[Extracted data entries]
▬▬▬▬▬▬▬▬▬▬
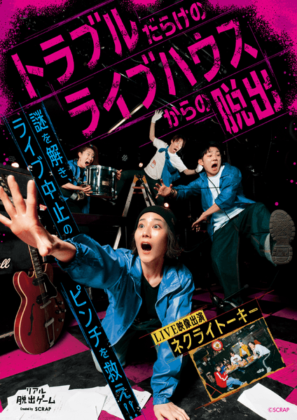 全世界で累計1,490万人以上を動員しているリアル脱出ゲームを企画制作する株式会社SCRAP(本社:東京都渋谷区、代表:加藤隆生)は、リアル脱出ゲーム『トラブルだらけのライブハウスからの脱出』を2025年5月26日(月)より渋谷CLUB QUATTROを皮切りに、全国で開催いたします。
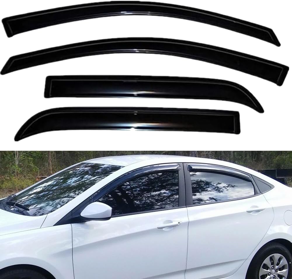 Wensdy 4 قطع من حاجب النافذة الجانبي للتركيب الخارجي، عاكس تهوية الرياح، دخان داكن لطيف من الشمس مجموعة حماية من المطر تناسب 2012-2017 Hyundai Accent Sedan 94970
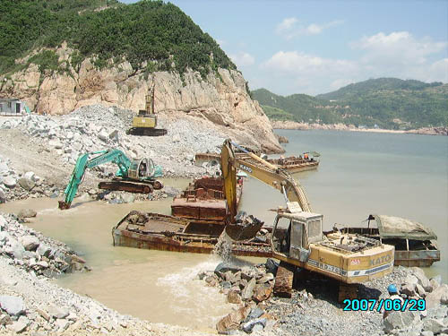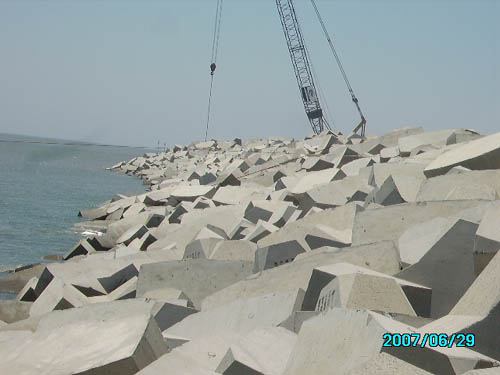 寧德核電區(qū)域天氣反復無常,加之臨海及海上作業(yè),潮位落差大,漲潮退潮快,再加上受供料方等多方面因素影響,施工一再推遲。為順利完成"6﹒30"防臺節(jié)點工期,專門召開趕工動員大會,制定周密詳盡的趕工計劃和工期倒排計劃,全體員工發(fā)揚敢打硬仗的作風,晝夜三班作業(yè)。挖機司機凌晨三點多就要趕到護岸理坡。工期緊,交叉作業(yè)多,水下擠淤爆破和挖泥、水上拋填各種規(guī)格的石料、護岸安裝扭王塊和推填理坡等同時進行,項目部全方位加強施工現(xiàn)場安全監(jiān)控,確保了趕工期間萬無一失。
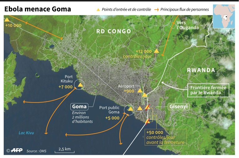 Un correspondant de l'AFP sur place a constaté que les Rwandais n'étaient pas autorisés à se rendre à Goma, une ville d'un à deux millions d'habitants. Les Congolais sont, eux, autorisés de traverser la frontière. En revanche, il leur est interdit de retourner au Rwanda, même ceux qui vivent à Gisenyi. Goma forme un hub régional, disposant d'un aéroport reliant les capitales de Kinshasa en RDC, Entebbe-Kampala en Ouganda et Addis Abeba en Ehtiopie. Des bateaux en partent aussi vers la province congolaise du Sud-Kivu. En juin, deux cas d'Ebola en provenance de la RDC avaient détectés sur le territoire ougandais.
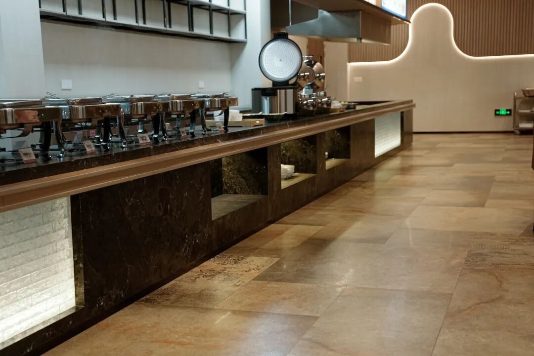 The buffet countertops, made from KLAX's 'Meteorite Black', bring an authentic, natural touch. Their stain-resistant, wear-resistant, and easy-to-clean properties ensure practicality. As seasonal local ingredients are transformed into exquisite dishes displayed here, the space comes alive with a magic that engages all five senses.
▬▬▬▬▬▬▬▬▬▬
**Work instructions**
Starting at the line with "Wensdy 4 قطع" in the entries above, write out every line exactly until the line with "寧德核電區(qū)域天氣反復" has been written. Include no pictures and nothing more.

**Exercise response**
 Wensdy 4 قطع من حاجب النافذة الجانبي للتركيب الخارجي، عاكس تهوية الرياح، دخان داكن لطيف من الشمس مجموعة حماية من المطر تناسب 2012-2017 Hyundai Accent Sedan 94970
 寧德核電區(qū)域天氣反復無常,加之臨海及海上作業(yè),潮位落差大,漲潮退潮快,再加上受供料方等多方面因素影響,施工一再推遲。為順利完成"6﹒30"防臺節(jié)點工期,專門召開趕工動員大會,制定周密詳盡的趕工計劃和工期倒排計劃,全體員工發(fā)揚敢打硬仗的作風,晝夜三班作業(yè)。挖機司機凌晨三點多就要趕到護岸理坡。工期緊,交叉作業(yè)多,水下擠淤爆破和挖泥、水上拋填各種規(guī)格的石料、護岸安裝扭王塊和推填理坡等同時進行,項目部全方位加強施工現(xiàn)場安全監(jiān)控,確保了趕工期間萬無一失。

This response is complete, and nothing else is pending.